Researchers at Stanford, Nvidia, and Together AI have developed a new technology that can find new solutions to very complex problems. For example, they managed to optimize a key GPU kernel to run 2x faster than previous state-of-the-art written by human experts.
His technique, known as “test-time training to find(TTT-Discover), challenges the existing paradigm of letting models “think long” for logic problems. TTT-Discover allows the model to continue training during the inference process and update its weights for the current problem.
Limits of ‘frozen’ logic
Current enterprise AI strategies often depend on "frozen" Model. Whether you use closed or open logic models, the parameters of the model are constant. When you give these models signals, they look for answers within a certain range of their training data. This works well for problems that are similar to those previously seen by the model.

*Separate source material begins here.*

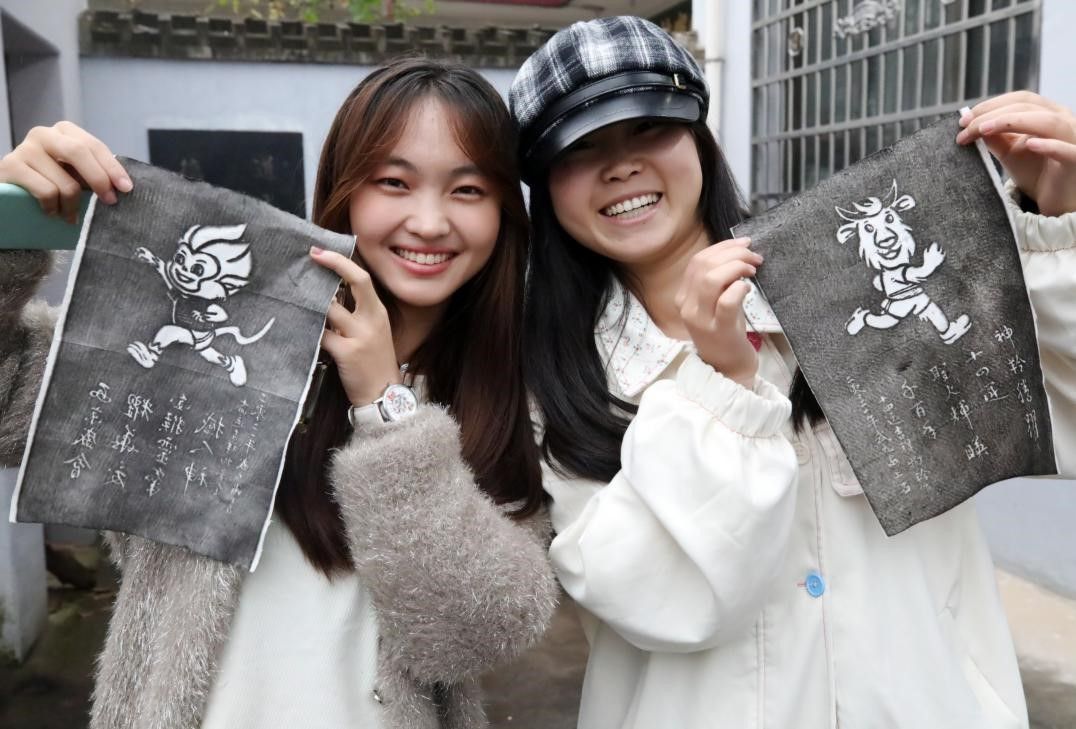 在实践环节,师生们普遍展现了浓厚的兴趣,现场气氛积极热烈,师生们在专业的工匠指导下学习了拓片的基本技法,包括选材、敷墨、拓制等关键步骤。他们小心翼翼地用宣纸覆盖在石刻表面,用拓包轻轻敲打,使墨汁均匀地渗透到纸张中,将石刻上的文字和图案清晰地拓印出来。在一次次的尝试、调整后,师生们都成功制作出了自己满意的拓片作品。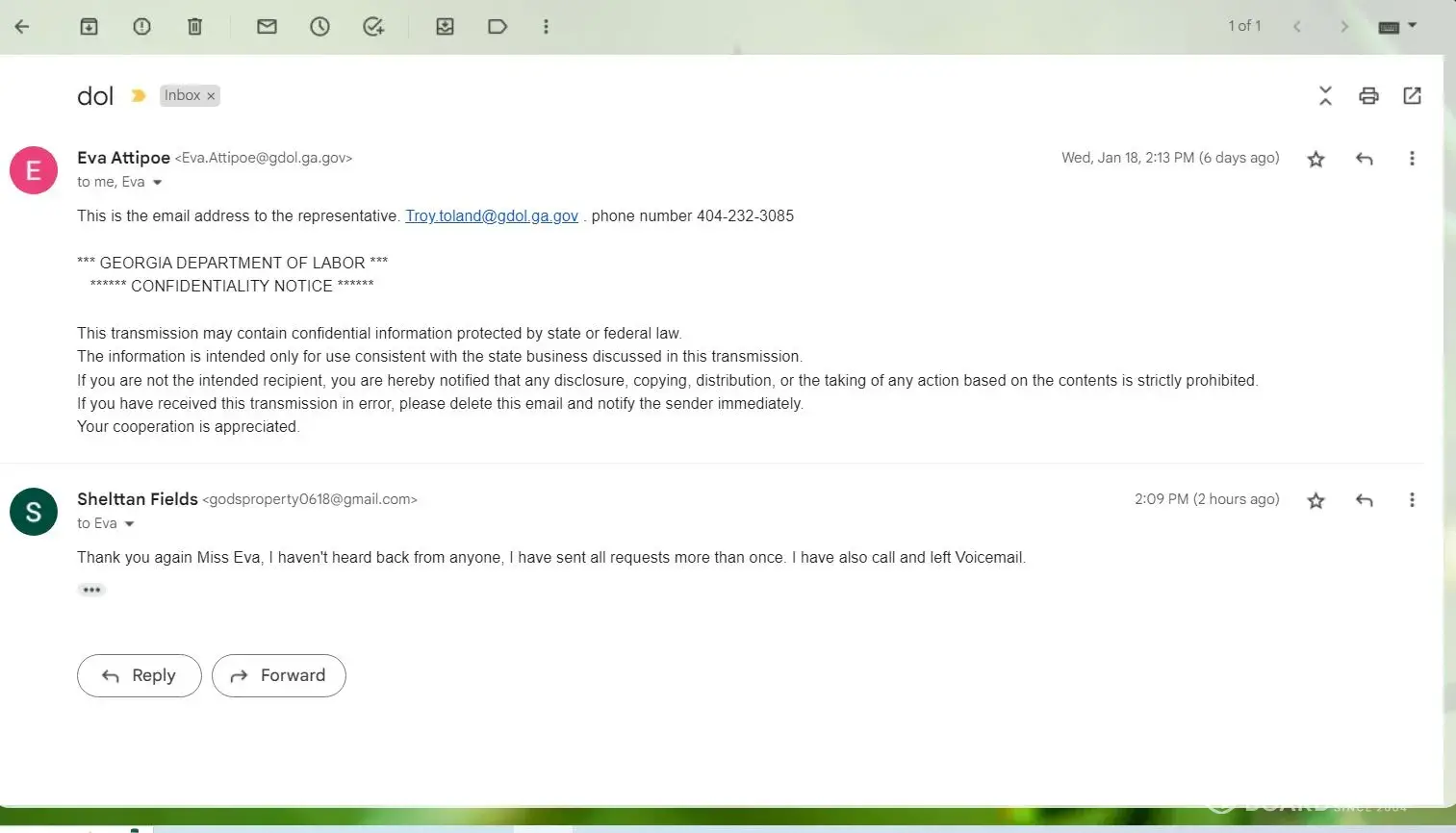 troy. [protected]@gdol. ga.gov. I reach out explain he had wrong number and all the questions that the rep said was needed, I gave full information companies name, no change full time and explained I was laid off in may 04/2022. I attached the seperation letter and the offer letter. This has been a real headache and stresful situation. I dont understand why he has not reach out, just denied my claim. I reach out to a labor lawyer that told me to try to reach out and clear this before he takes my case. I had death in family and I am out of town trying to handle this. I am upset how GA Dept of labor has been handling things. we the people have to suffer. [protected] Dwayne Fields last 4 is 7280

However, true discovery problems, such as inventing a new algorithm or proving a new mathematical theorem, are, by definition, out of the distribution. If the solution requires a leap of logic that is not present in the training set, a frozen model is likely to fail, no matter how many calculations you perform on it during inference.
In comments to VentureBeat, Mert Yuksekgonul, co-author of the paper and a doctoral student at Stanford, illustrated this difference using a well-known mathematical breakthrough:
"I believe that thinking models will not be able to prove, for example, that P! = NP, without trial-time training, just like Andrew Wiles would not have been able to prove Fermat’s Last Theorem unless he spent 7 years isolating this single problem and continuously learning from his failures."
TTT-Discover treats the testing problem not as a question to be answered, but as an environment to be mastered. As the model attempts to solve the problem, it generates different types of data: failures, partial successes, and errors. Rather than discarding this data, TTT-Discover uses it to update the model’s weights in real time, allowing the model to effectively focus on that specific challenge as opposed to developing a very general problem-solving framework.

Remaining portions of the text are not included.